**Required action:**
Starting at the line containing "- overall button" and ending at the line containing "江西移动流量充值20G中国移动流量加油包全国通用流量当月有效", transcribe the listing below exactly. Keep both end lines, skip the pictures, and copy nothing else.

**Data provided:**
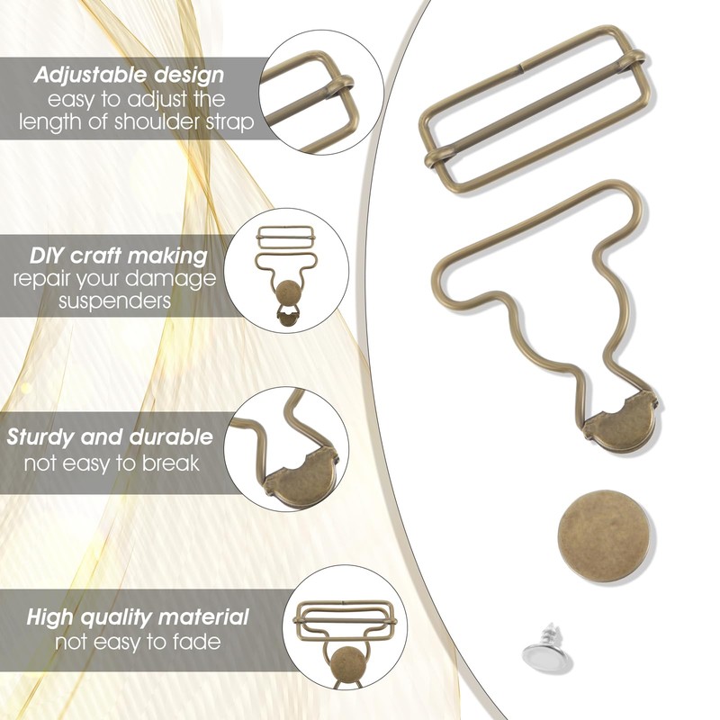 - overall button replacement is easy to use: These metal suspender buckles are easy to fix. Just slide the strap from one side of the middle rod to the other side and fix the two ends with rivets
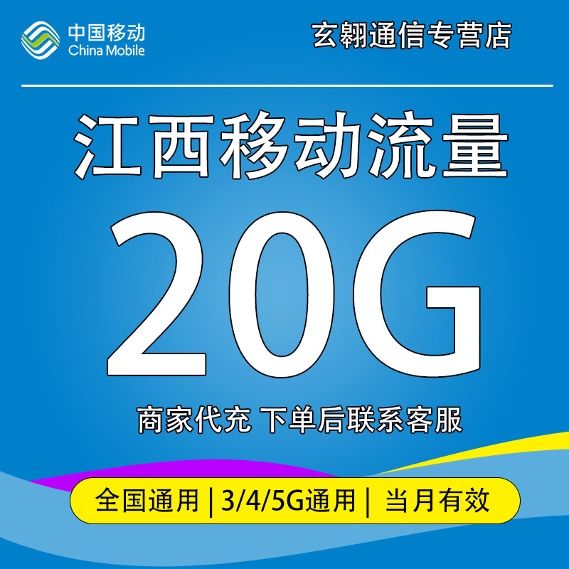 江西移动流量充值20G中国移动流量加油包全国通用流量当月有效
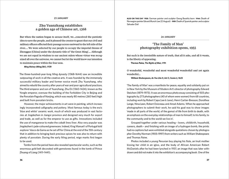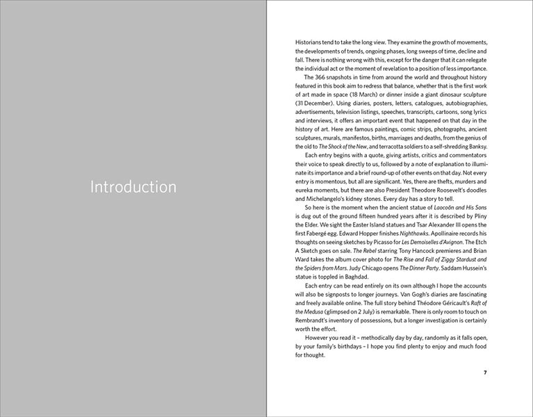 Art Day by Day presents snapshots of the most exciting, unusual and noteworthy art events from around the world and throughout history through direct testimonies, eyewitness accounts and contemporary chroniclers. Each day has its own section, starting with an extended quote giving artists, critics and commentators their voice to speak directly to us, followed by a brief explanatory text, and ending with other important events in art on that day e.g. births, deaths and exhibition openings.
--
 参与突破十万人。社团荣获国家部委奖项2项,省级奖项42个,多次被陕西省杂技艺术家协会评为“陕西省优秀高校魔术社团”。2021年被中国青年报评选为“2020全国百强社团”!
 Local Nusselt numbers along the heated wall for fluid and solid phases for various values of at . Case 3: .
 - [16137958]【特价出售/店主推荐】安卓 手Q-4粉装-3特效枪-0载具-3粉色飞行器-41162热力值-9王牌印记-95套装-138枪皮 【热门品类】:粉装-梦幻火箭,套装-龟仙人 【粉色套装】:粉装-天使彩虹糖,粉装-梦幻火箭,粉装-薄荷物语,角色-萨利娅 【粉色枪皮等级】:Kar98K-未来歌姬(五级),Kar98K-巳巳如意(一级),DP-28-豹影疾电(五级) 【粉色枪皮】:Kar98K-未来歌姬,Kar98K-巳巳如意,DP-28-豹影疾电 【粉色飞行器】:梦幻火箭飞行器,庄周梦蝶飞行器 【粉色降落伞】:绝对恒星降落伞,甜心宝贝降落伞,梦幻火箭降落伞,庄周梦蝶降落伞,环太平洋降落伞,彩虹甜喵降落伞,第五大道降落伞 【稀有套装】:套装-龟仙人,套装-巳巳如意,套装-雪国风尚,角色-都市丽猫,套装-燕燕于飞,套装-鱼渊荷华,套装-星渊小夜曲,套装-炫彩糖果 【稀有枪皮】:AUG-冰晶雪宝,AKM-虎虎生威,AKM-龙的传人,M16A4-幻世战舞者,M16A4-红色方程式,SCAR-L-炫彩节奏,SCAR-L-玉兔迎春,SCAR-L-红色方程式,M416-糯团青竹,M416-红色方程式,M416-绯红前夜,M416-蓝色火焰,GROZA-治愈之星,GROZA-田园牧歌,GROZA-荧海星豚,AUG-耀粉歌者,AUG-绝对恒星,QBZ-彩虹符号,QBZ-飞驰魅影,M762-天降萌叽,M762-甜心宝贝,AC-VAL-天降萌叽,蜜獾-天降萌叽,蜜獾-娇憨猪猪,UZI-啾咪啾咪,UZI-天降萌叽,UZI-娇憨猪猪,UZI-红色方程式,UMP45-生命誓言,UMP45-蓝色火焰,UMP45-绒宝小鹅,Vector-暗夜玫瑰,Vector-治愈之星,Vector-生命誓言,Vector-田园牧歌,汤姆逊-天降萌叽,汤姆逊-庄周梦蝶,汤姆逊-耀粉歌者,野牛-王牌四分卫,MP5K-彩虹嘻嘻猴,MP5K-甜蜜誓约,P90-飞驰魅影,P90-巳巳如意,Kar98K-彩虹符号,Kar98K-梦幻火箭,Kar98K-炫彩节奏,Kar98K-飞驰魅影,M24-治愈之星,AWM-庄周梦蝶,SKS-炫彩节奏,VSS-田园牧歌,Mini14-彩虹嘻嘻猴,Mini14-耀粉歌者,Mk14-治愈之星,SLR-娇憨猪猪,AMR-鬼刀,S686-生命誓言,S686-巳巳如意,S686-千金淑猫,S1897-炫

**Final answer:**
 - overall button replacement is easy to use: These metal suspender buckles are easy to fix. Just slide the strap from one side of the middle rod to the other side and fix the two ends with rivets
 江西移动流量充值20G中国移动流量加油包全国通用流量当月有效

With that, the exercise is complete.